ARTICLE II - OBJECTIVES AND PURPOSES
ARTICLE III - MEMBERSHIP
ARTICLE IV - GROUNDS FOR TERMINATION
ARTICLE V - MEMBER RIGHTS
ARTCLE VI - GRIEVANCE AND DISCIPLINARY ACTION
ARTICLE VII - ASSOCIATION OFFICE AND MEETINGS
ARTICLE VIII - DUES
ARTICLE IX - OFFICERS, TRUSTEES AND COMMITTEES
ARTICLE X - AMENDMENTS
ARTICLE X1 - NOTICES
ARTICLE XII - EDUCATION ENDOWMENT FUND
 

BYLAWS OF THE WASHINGTON STATE PEST MANAGEMENT ASSOCIATION
Amended August 2012

ARTICLE I   
NAME
The name of the organization is the Washington State Pest Management Association Incorporated.

ARTICLE II
OBJECTIVES AND PURPOSES
The objectives and purposes for which this association is formed are:

  1. To promote the welfare and enhance the pest control industry, particularly in the State of Washington.
  2. To unite any and all firms, corporations, associations or persons in the State of Washington, the United States of America, or North America, or Internationally, that the use of pesticides, allied chemicals, non chemical means for the purpose of protecting the health and environment of mankind.          
  3. To foster the profession of pest control and to create a greater spirit of cooperation and friendly feeling among members.
  4. To foster educational and business relations of the members; to broaden their interest and skill in the pursuit of their profession; and to continually improve the standards of the industry.
  5. To promote and maintain in their business practices, and to encourage these purposes among members by training, education and common commitment.
  6. To do everything necessary, suitable and proper either alone or in association with other corporations, firms or individuals, for the accomplishment of any of the purposes or attainment of any of the objectives set forth herein, and to have all the rights, powers and privileges now or hereafter conferred by the laws of the State of Washington in reference to not for profit corporations.

ARTICLE III
MEMBERSHIP
Section 1  Joint Membership

A. Any pest control firm licensed under the State of Washington in the PCO      Structural category or the PCO General category to perform pest control services and which has as its primary activity the application of pesticides is eligible to one Active Membership providing said pest control firm fulfills the following requirements.

  1. Joint members are required to simultaneously become a member of the National Pest Management Association, according to the WSPMA/NPMA Joint Membership Agreement providing one exists.
  2. At least one person in a responsible position of the firm shall have at least two years experience in the pest control business, or shall have a degree from a recognized college or university with advanced training in entomology, chemistry, or other sciences related to the practice of pest control.
  3. The applicant shall not utilize or mention the Washington State Pest Management Association affiliation or use the WSPMA logo on any promotional material, brochures, stationery, etc. prior to official membership approval and notification.

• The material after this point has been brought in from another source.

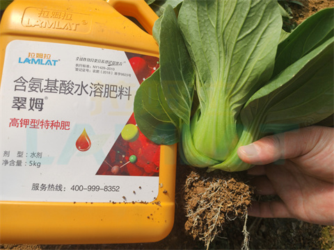 例如拉姆拉公司的翠姆沖施肥,可以通過葉噴的方式為上海青及時補充營養(yǎng),提升品質(zhì),因為翠姆沖施肥利用氨基酸作為載體的懸浮特種肥,氨基酸能快速被葉片吸收,讓葉片補充營養(yǎng)更迅速,合成更多的蛋白質(zhì)和碳水化合物,讓葉片的光合作用更強,合成的營養(yǎng)物質(zhì)更多,顏色油綠肥厚,產(chǎn)量也高,而且不含任何的激素成分,顏色更加持久不褪色。

B. Firms assigned Joint Membership shall designate representatives to act as their agents in the conduct of Association affairs.

C. Firms assigned Joint or State Membership must attend at least (1) meeting per year in order to vote on any bylaw changes.

 

Section 2 State Membership

A. Any licensed pest control firm, which cannot or does not desire to fulfill the requirements for Joint Membership. State Members are not bound by Joint Membership and therefore are not required to join the National Pest Management Association. State Members shall be entitled to utilize Association forms, such as the  WSPMA Wood Destroying Organism Report forms.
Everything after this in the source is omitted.